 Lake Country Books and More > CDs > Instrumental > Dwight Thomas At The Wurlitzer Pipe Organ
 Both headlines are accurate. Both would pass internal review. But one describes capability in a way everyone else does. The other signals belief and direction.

---

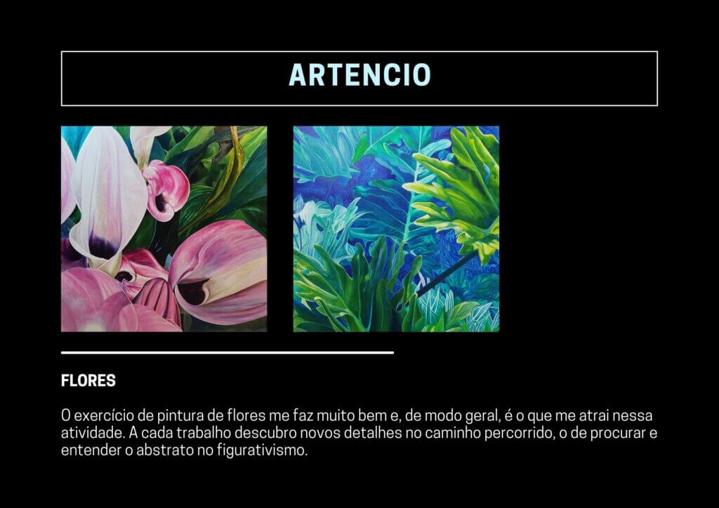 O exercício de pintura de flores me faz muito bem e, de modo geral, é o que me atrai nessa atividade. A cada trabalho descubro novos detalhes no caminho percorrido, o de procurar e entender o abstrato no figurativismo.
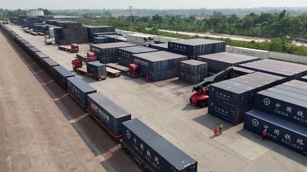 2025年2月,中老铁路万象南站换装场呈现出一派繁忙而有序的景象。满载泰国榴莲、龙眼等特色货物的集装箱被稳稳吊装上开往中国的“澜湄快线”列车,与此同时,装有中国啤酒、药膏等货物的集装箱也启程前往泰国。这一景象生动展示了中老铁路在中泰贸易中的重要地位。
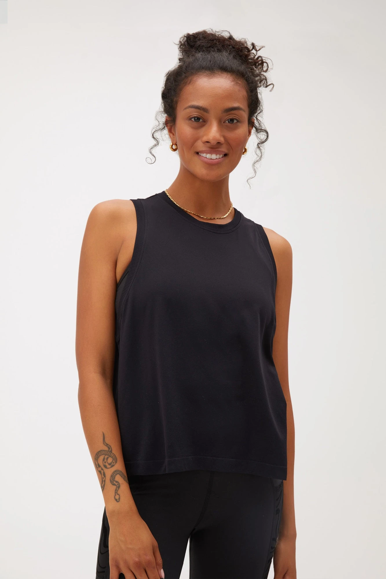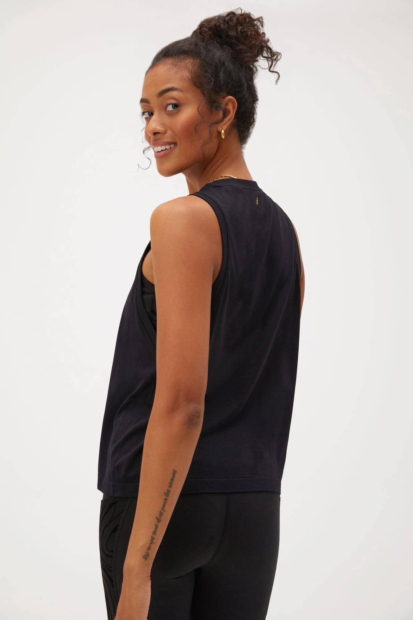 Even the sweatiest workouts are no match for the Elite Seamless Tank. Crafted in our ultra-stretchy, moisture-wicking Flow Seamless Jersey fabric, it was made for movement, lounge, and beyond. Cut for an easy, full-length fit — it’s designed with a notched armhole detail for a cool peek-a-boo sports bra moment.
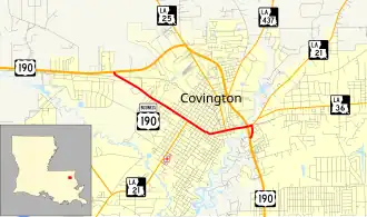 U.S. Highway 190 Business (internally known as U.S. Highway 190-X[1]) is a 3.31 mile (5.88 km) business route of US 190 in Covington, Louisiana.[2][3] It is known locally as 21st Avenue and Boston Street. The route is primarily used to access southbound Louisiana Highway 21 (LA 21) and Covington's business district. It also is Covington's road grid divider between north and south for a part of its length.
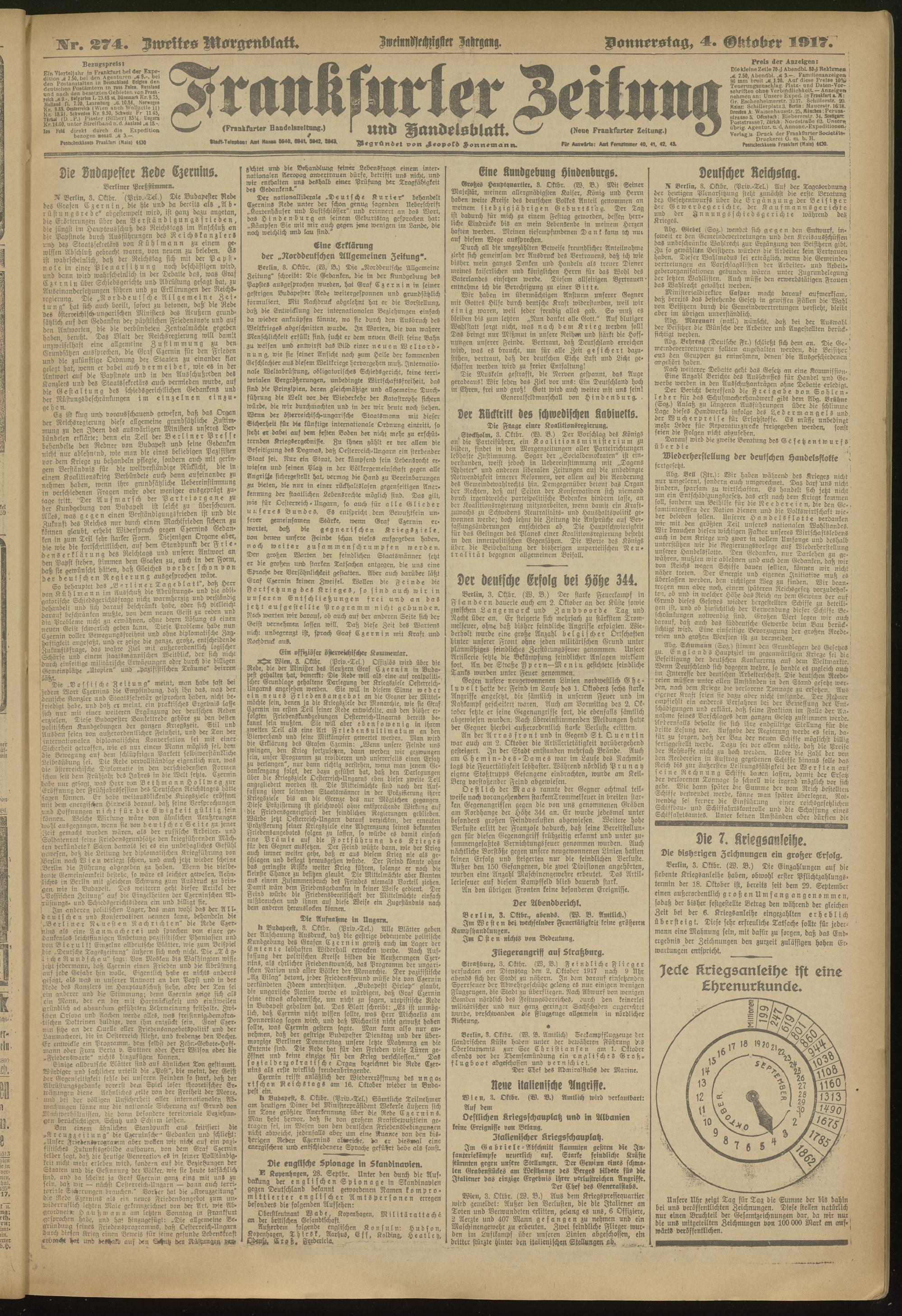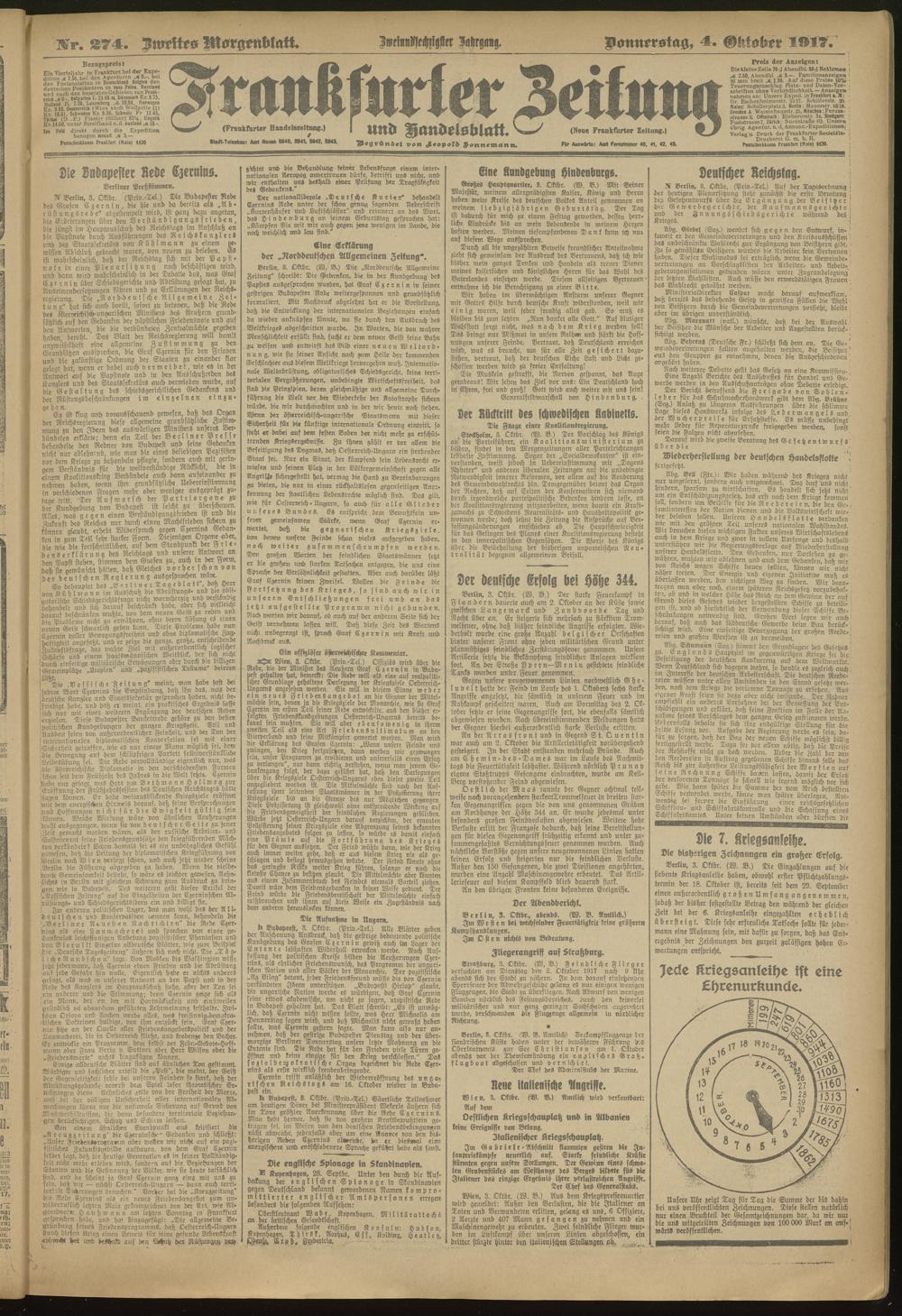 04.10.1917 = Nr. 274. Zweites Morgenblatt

---

[AIM OF THE TASK] For the lines above, output exactly those from the line containing "Lake Country Books" through the line containing "Both headlines are", and skip the others.

[SOLUTION FOR THIS TASK]
 Lake Country Books and More > CDs > Instrumental > Dwight Thomas At The Wurlitzer Pipe Organ
 Both headlines are accurate. Both would pass internal review. But one describes capability in a way everyone else does. The other signals belief and direction.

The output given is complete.